We are using co-add mode – that is, we take stacks of 100 images and co-add them to increase the SNR. Since there is RON (read Out Noise) in each frame – about 2 ADU/pixel, tests have shown – it is important to know whether a sequence of added frames have a mean that converges.

We now test this directly on the stack of 100 images: “2456015.7742682MOON_V_AIR”. We extract a small square of size (2*w+1) around regularly spaced points covering the image plane and calculate a mean subframe (averaging along the stack direction), the average value of that mean subframe (a scalar for each of n coadded subframes), and plot these. These are shown in the PDF file:


pdf

The top panel in each page shows where the point was chosen. w was 4 so subframes are 9 pixels by 9 pixels, centred on the point. Second panel in each page shows how the mean value of the average subframes evolves, along with estimates of the +/-1 sigma error bounds (calculated based on the value the series converges to, or at least evolves to, in the last 10 steps of the series; the known RON (about 2.4 ADU/pixel in all observations, estimated from bias frames differences), the number of pixels in each subframe and the number of subframes co-added). Last panel shows the mean value of each sub-frame used (along the stack direction).
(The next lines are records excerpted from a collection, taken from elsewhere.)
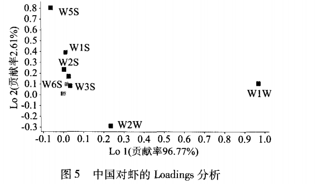 Loadings分析是對不同傳感器的貢獻率進行分析,可以用來判別電子鼻的各個傳感器的相對重要性。如果某一傳感器的響應值接近原點(0,0),則該傳感器的識別作用可以忽略不計;而當傳感器的響應值越偏離原點,則說明該傳感器的識別能力越強。圖 5為空白樣品的 Loadings 分析圖,由圖 5可知,總貢獻率為 99.38% ,其中傳感器 W 1W (無機硫化物)和 W2W (有機硫化物)對第一主成分貢獻率較大,W 5S(氮氧化合物)和的 W 1S(烴類物質)傳感器對第 2 主成分貢獻率較大,W3S(烷烴)和 W6S(氫氣)傳感器則基本接近原點,其貢獻率最小。中國對蝦在貯藏期間由于在微生物的作用,肌肉中的蛋白質、氨基酸及其它含氮物質進一步分解成氨氣、三甲胺、硫化氫、及組胺等,使蝦散發(fā)出具有腐敗特征的臭味,這與電子鼻檢測的結果相符,說明通過電子鼻技術可以有效的反映中國對蝦在貯藏過程中揮發(fā)性物質的變化。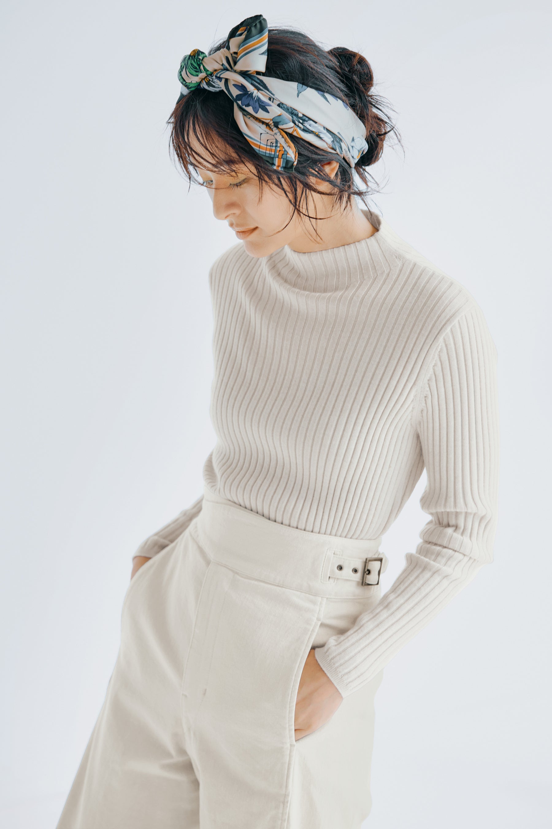 ハイウエストのホワイトデニムは、グルカパンツのディテールやシルエットの美しさが秀逸。白すぎないグレイッシュな色合いや、履き込むほどに柔らかく味わいの出る生地感も魅力。モヘヤニットやキルトコートでラフに。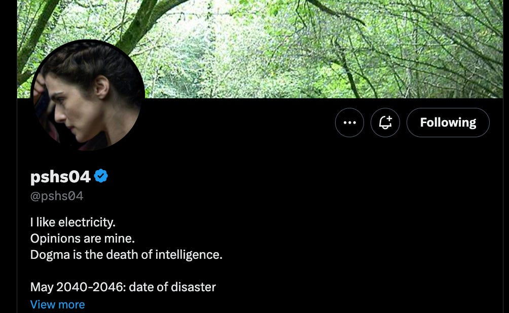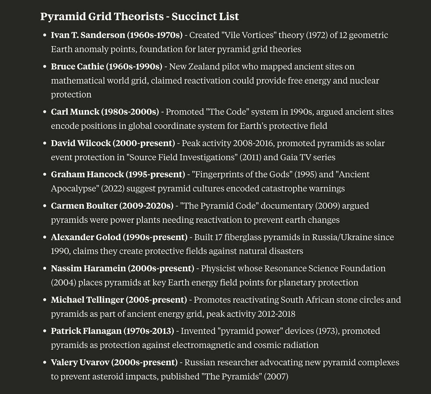 , about pyramidal structures as functional resonant devices and in her bio on X.com, she seems to predict the cataclysm is coming 2040-2046. So her pyramidal urges also seem linked to the cataclysm. (Correction: she also sees the Pyramid as the solution for the predicted cataclysm, hence her dedicated research into the domain.)I had also noticed schizo philosopher, @DionysianAgent totally Egypt-maxxing. These are some of the newer, younger personalities now entering the picture. But neither of them are yet really talking about building or activating a global pyramid grid?
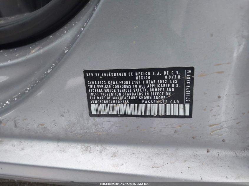 2020 VOLKSWAGEN JETTA - 3VWC57BU0LM102355, колір - Срібний, 1.4, Бензин, Передній привід із США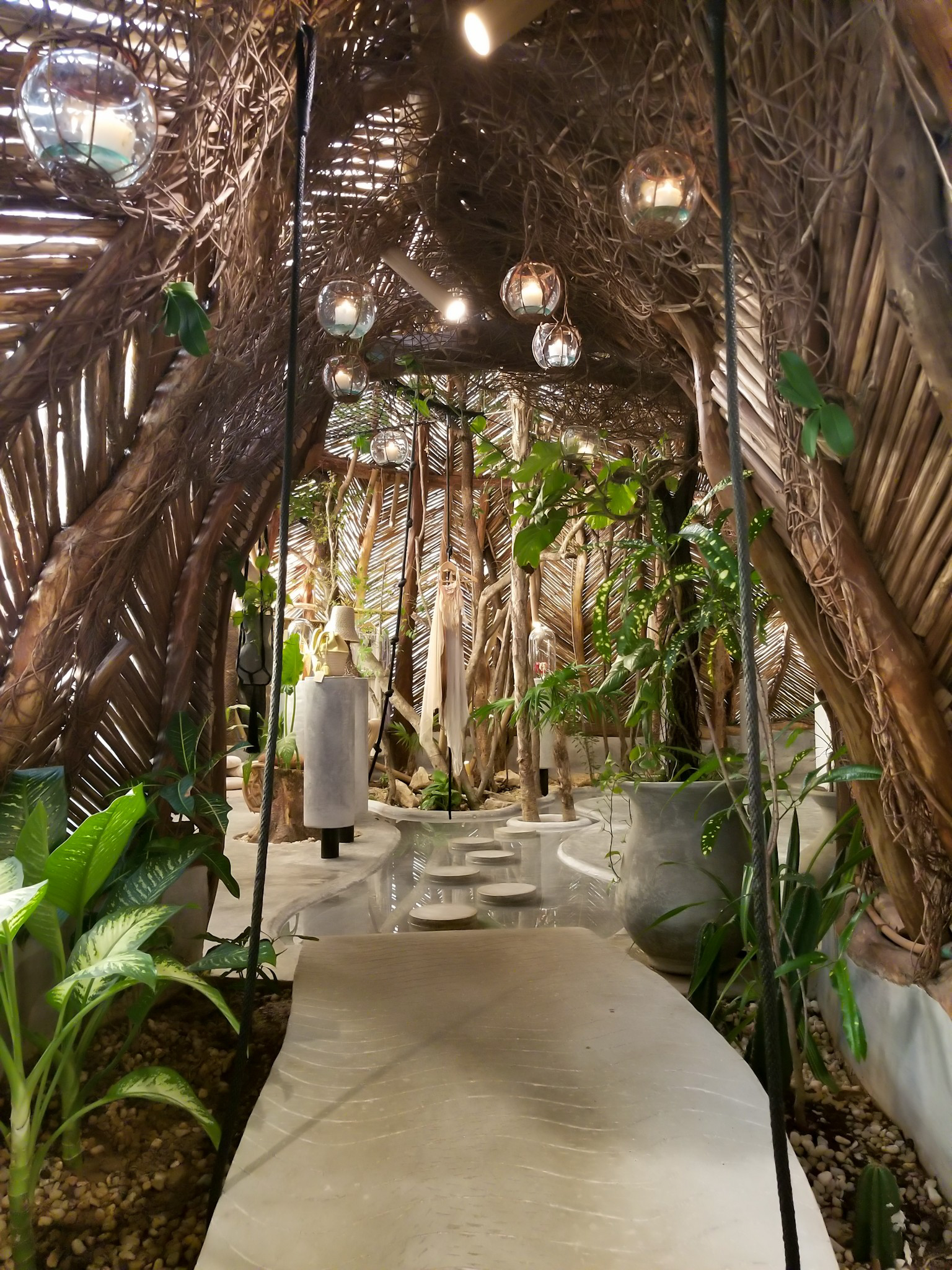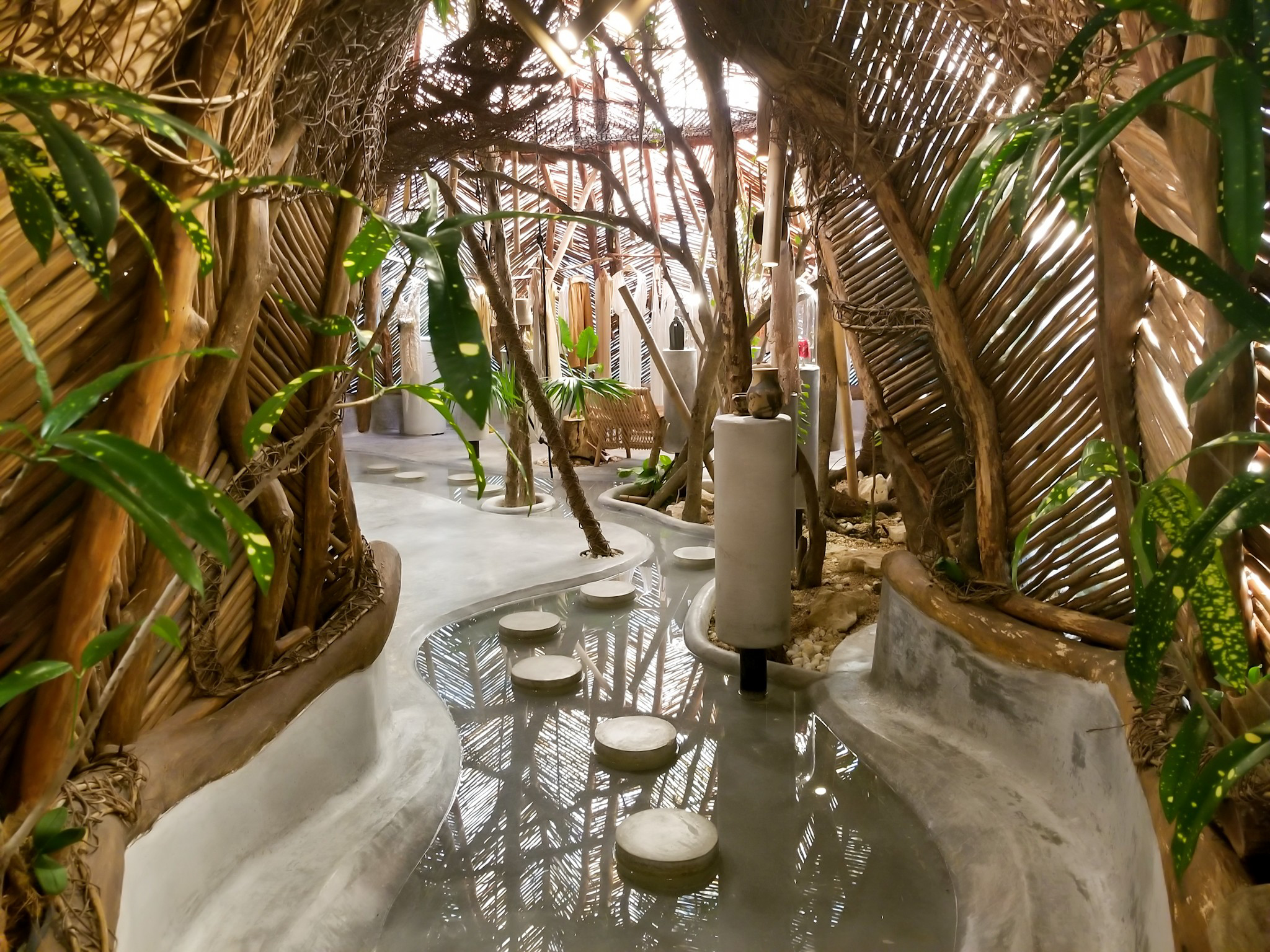 From the minute you arrive at Azulik, you know you’re in for a treat. The place is beautiful. A hostess will greet you at the front, and direct you to where you want to go. Once inside, there's a clothing boutique to your left, and an art gallery to your right. Upstairs is the bar and restaurant.

What do we see? In page 1 a point on the sky has been selected and we see a mean value that evolves inside the expected error bounds, and we see that the subframes have mean values with some spread, but no trend.
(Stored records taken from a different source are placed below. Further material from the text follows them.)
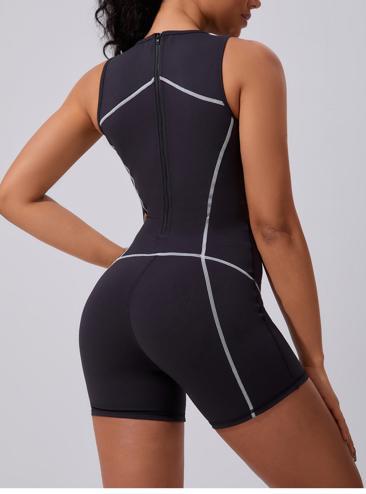 The design is equally intentional. The sleeveless cut keeps you unrestricted, while the back zipper (equipped with a non-slip design) ensures easy on-and-off—no more struggling with tight, pull-on activewear. The star of the design, however, is the contrasting color stitching: sleek, light-toned lines trace the body’s natural curves, creating a contouring effect that cinches the waist, defines the hips, and lifts the glutes (dubbed the “peach lift” silhouette). This color-blocking detail breaks up the monotony of solid activewear, adding a modern, eye-catching touch that transitions seamlessly from the gym to coffee runs. Every stitch is placed to enhance both function and form: the seams are structured to support movement while accentuating your shape, making the jumpsuit as flattering as it is functional.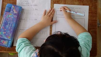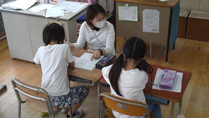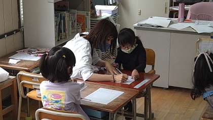 せいかつの学習で学校探検をしました。学校の様々な場所に行き、担当職員に1人1つ質問をしました。教室に戻ってワークシートにまとめています。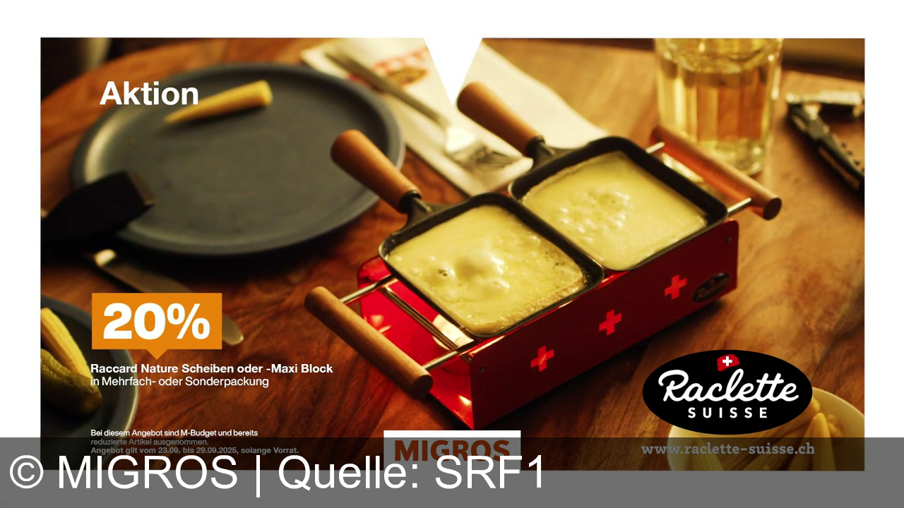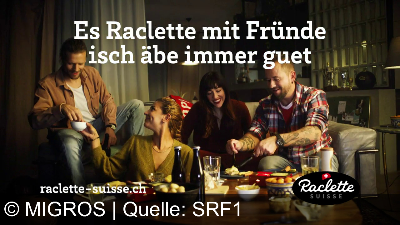 Der TV-Spot bewirbt Raclette Suisse Käse und das gesellige Raclette-Erlebnis mit Freunden. Migros bietet aktuell 20% Rabatt auf Raccard Nature Raclettekäse. Die Werbebotschaft: Raclette gemeinsam genießen ist immer gut – und jetzt besonders günstig bei Migros.

Page 11 shows a point on the DS. Nice evolution.

Page 24 is on the BS and is very hard to explain. This holds also for points ‘near the BS’.

It seems we have little to worry about on the sky and on the DS, but on the BS we see strange evolution of the running mean! We have before touched on such subjects in this blog, when we tested effects of alignment of images – perhaps this problem was hiding inside the other problem?

[added later:] Chris asked a good question. Here is a plot of the running mean of the whole frame, as frames are taken from the stack. The value is expressed as a percentage deviation from the middle value on the curve – about 1378 counts. A small drift is seen at the 0.05% level from one frame at left to all frames at right. I think this could be due to sky variations – or slight drift of the Moon inside the frame causing ‘light to fall off the edge’. If drift is the explanation we may have an answer for why the mean in a much smaller sub-frame, when near the BS, drifts so much more – image brightness gradients are being sampled in a small subframe. Experiment at top should be redone but with drifts taken out. No large drift was evident sp I guess we are learning that a small drift can be very important!

This has an implication for how we measure the albedo – if we use ‘DS patch divided by BS patch’ we run a risk . if we use ‘DS patch divided by total flux’ we are much better off.